The ancient Hindu epic, the Ramayana, mentions the construction of a bridge to enable Lord Rama’s army to move to Lanka. At the end of the 19 th, Century, the British, who were then ruling India and Lanka, seriously considered the construction of a bridge across the 35 km stretch of sea so that tea and rubber plantation workers from Tamil Nadu could be moved easily between India and Lanka.           

In his paper on the bridge Dr. Willie Mendis, Emeritus Professor of Town and Country Planning, Moratuwa University, says that the project was revived by a Madras-based Consultant Railway Engineer in 1894. The Madras railways  quickly got a  technical blueprint and costing done. By 1913-14, Mandapam was connected with Pamban Island by a rail bridge with a road segment. A terminal was built at Dhanushkodi. The Pamban Bridge had a portion which could be lifted to permit boats to pass underneath.

On the Lankan side, Mannar was connected to Talaimannar jetty by a rail bridge across the sea. And the first train from within Lanka, crossed from Mannar to Talaimannar in 1914. 

Though the rail tracks at the two ends of the envisaged India-Lanka railway were constructed, the bridge across the Palk Strait was not.  Mendis quotes a Lankan railway engineer to say that this was due to the difference in the track gauges.  While it was broad gauge on the Lankan side, it was narrow gauge on the Indian side.

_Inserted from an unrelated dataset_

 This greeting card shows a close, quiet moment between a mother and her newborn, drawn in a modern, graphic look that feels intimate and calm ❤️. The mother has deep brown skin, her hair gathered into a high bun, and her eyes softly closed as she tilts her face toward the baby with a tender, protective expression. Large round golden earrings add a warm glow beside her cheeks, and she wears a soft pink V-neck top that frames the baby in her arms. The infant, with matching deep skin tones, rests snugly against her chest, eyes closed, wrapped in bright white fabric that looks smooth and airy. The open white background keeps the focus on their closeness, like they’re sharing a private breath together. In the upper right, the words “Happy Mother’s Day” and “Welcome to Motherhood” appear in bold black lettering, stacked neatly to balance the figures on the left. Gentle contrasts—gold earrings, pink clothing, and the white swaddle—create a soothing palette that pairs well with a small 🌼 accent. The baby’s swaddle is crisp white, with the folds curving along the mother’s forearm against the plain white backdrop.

Over time, due to various factors, including war, the bridge building project was not pursued.

Hanuman Bridge

However, during the 2002-2004 Peace Process, the then Lankan Prime Minister, Ranil Wickremesinghe, asked India to help build what he called the “Hanuman Bridge.” The Lankan side envisaged a four-lane highway with a parallel single rail track. The Lankan Board of Investment (BOI) fixed the cost at LKR 88 billion (USD 654 million at the present exchange rate).

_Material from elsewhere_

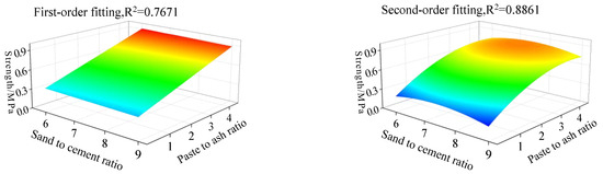 Effect of sand-to-cement ratio and paste-to-ash ratio on strength under different orders of fitting.

According to Mendis, there was enthusiasm for the project among engineers on both sides of the Palk Strait. Many good papers were presented at a seminar held in Colombo in August 2002 under the aegis of the Lankan Institution of Engineers and the Indian Institution of Engineers (Tamil Nadu Centre). But New Delhi’s response was “lukewarm” because the then Tamil Nadu government was against the bridge, Mendis laments.

After Eelam War IV, however, the bridge idea was revived as part of the SAARC and Asian road connectivity projects. It was discussed by SAARC Transport Ministers at Colombo in 2009.